Page MenuHomePhabricator

Move rsyslog-generated mediawiki logs within k8s to their own kafka topics
Closed, ResolvedPublic

Description

Following up from the work we did in T366710: Switch k8s logs to their own kafka topics, and while investigating T384233: Unexpected utilization increase in udp_localhost-info kafka-logging topic I noticed logs we generate and ship from rsyslog *in* k8s itself (i.e. the daemonset) are lacking the same per-k8s-cluster template. We should investigate and make logs uniform there too

Event Timeline

fgiunchedi added a subscriber: JMeybohm.

+ serviceops / k8s for visibility. e.g. @JMeybohm please let me know what you think

I'd assume these are mediawiki generated logs, but I don't think there is an rsyslog daemonset. Do you have some examples?

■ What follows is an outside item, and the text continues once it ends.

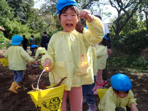 根が深くて一緒に協力してほっている姿、友達と大きさを比べてたり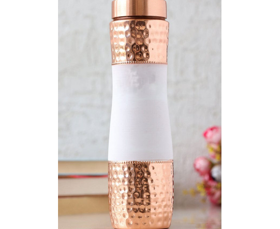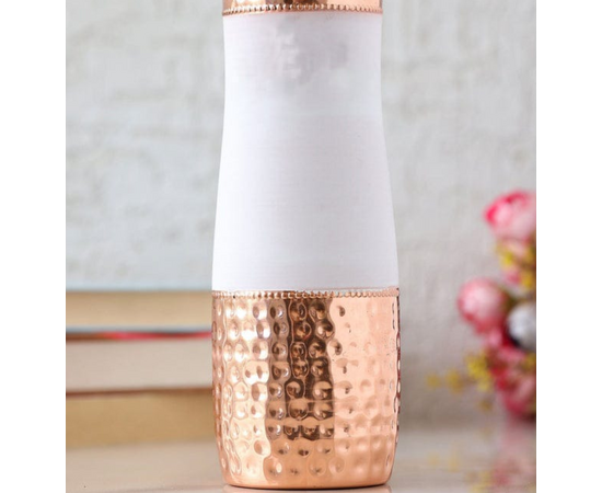 Pure Copper Water Bottle With Half Hammered Lacquer Champion Design, Drink ware & Storage Purpose, Ayurveda Health Benefits

You are correct these are mw logs only, and no daemonset but a sidecar AFAICS. Example log:

{
  "timestamp": "2025-01-27T11:18:59+00:00",
  "logsource": "mw-web.codfw.main-6b6f6c8754-jccvg",
  "host": "mw-web.codfw.main-6b6f6c8754-jccvg",
  "program": "mediawiki",
  "severity": "info",
  "facility": "user",
  "kubernetes": {
    "host": "wikikube-worker2094.codfw.wmnet",
    "namespace_name": "mw-web",
    "pod_name": "mw-web.codfw.main-6b6f6c8754-jccvg",
    "labels": {
      "deployment": "mw-web",
      "release": "main"
    }
  },
  "@timestamp": "2025-01-27T11:18:59.383150+00:00",
  "@version": 1,
  "message": "Central autologin attempt",
  "type": "mediawiki",
  "channel": "authevents",
  "level": "INFO",
  "monolog_level": 200,
  "wiki": "loginwiki",
  "mwversion": "1.44.0-wmf.13",
  "reqId": "c59137eb-201e-4d02-ad2a-93bdcee769aa",
  "url": "/wiki/Special:CentralAutoLogin/checkLoggedIn?returnUrlToken=xxx&type=redirect&useformat=desktop&useformat=desktop&usesul3=0&wikiid=kowiki",
  "http_method": "GET",
  "server": "login.wikimedia.org",
  "referrer": null,
  "phpversion": "7.4.33",
  "servergroup": "kube-mw-web",
  "normalized_message": "Central autologin attempt",
  "shard": "s3",
  "event": "centralautologin",
  "successful": false,
  "status": "Not centrally logged in",
  "logstash_formatter_key_conflict": [
    "type"
  ],
  "c_type": "redirect",
  "extension": "CentralAuth",
  "accountType": "anon"
}

In puppet we render the topic as k8s- + profile::kubernetes::cluster_name , and logstash consumes all topics starting with k8s-. Note using cluster_name does lead to some duplication in the topic name, though that's not a big deal. At any rate what I'd like to change is the following:

# charts/mediawiki/templates/rsyslog/configmap.yaml.tpl
template(name="udp_localhost_topic" type="string" string="udp_localhost-%syslogseverity-text:::lowercase%")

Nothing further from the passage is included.